Dentro de la habitación, los jadeos silenciosos y el crujido rítmico de la cama se mezclaban con el zumbido lejano del mundo más allá de las paredes. Unos pasos resonaron con nitidez por el pasillo, acompañados de voces que llamaban.
«El señor Mason ha pasado por muchas cosas esta vez. La junta nos ha enviado a ver cómo está».
«¿Cómo está? Le he traído su postre favorito».
«Tenemos que repasar con él el seguimiento de Aevum Biotech. ¿Es un buen momento?»
Las voces tenían tonos variados: hombres de mediana edad con voz firme, amigos cercanos y subordinados deferentes.
Pero Alexia se quedó paralizada al oír a Jace, con su voz teñida de una calidez fingida. «Ya que estáis todos aquí, vamos a ver cómo está Waylon juntos.
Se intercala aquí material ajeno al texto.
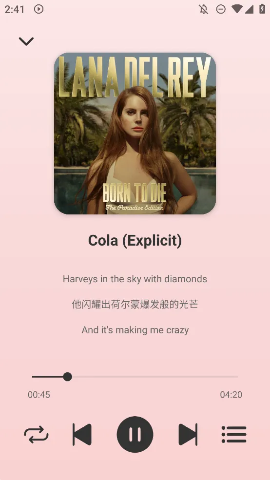 4、智能便捷:基于听歌习惯精准推送歌曲,提供个性化推荐;滑动切歌交互流畅,操作简单,还支持歌词同步显示等。
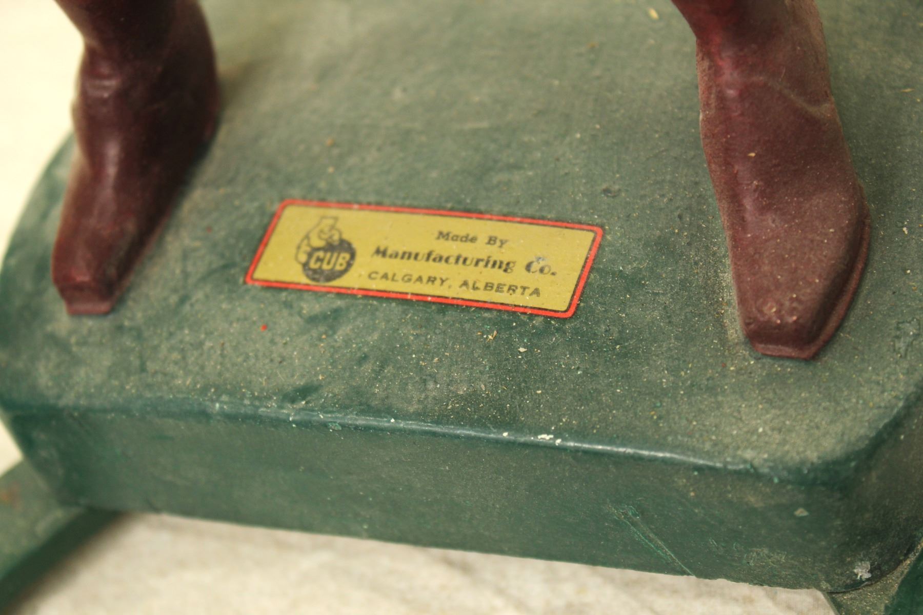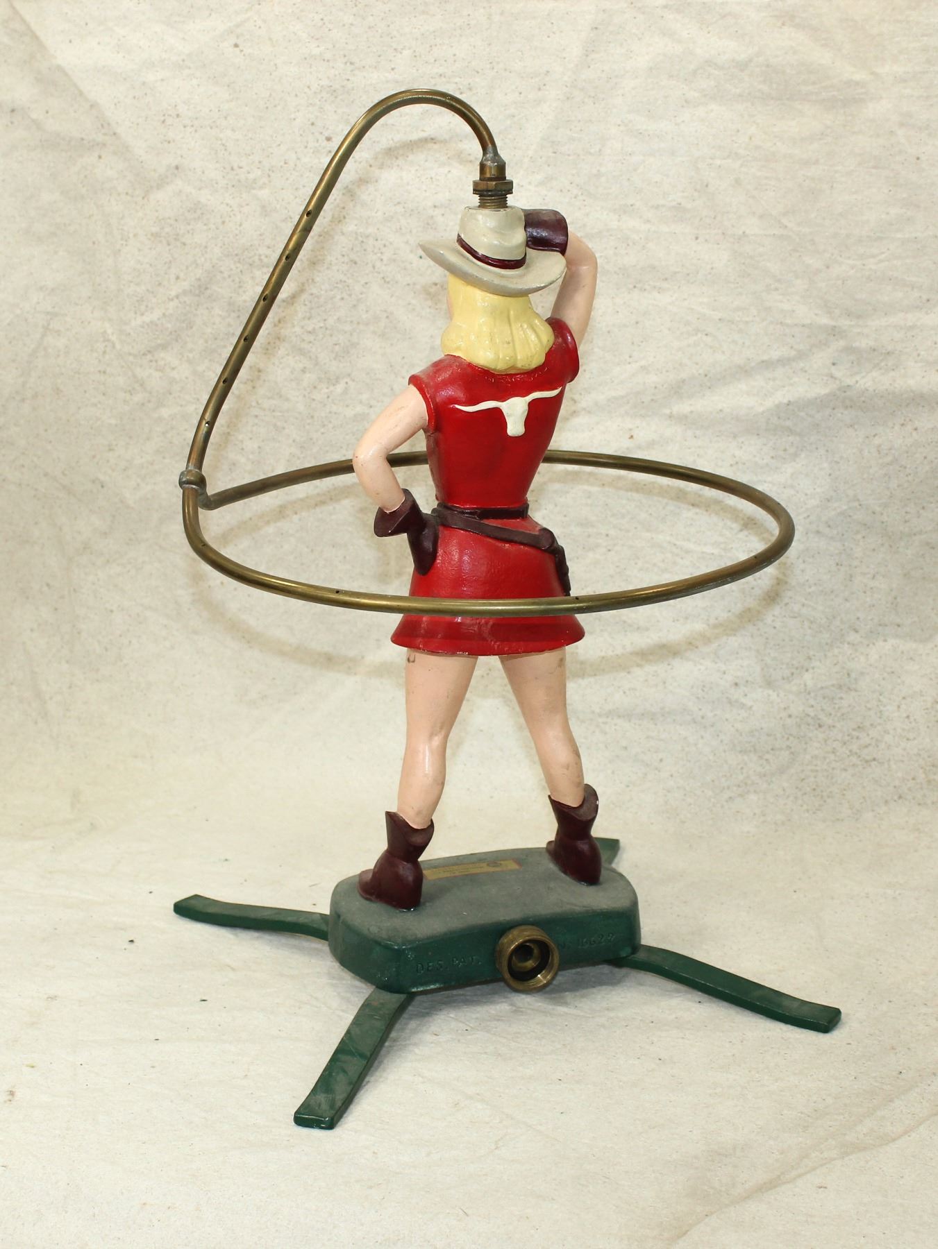 Terrific vintage cast metal lawn sprinkler fasioned as a stylish cowgirl twirling a rope. Dimensions 18"x 12".

Necesita descansar, así que solo tardaremos un momento».
Un escalofrío le recorrió la espalda. Abrió mucho los ojos al mirarlo, sintiendo cómo le invadía el pánico. «¡Para! ¡Viene gente! ¡Suéltame!»
Se debatió, desesperada por liberarse, pero Waylon solo apretó más su agarre. Al oír las voces que se acercaban, los hizo rodar y la inmovilizó debajo de él con un control preciso.
Una sonrisa lenta y deliberada se dibujó en sus labios. «Quiero que vean esto».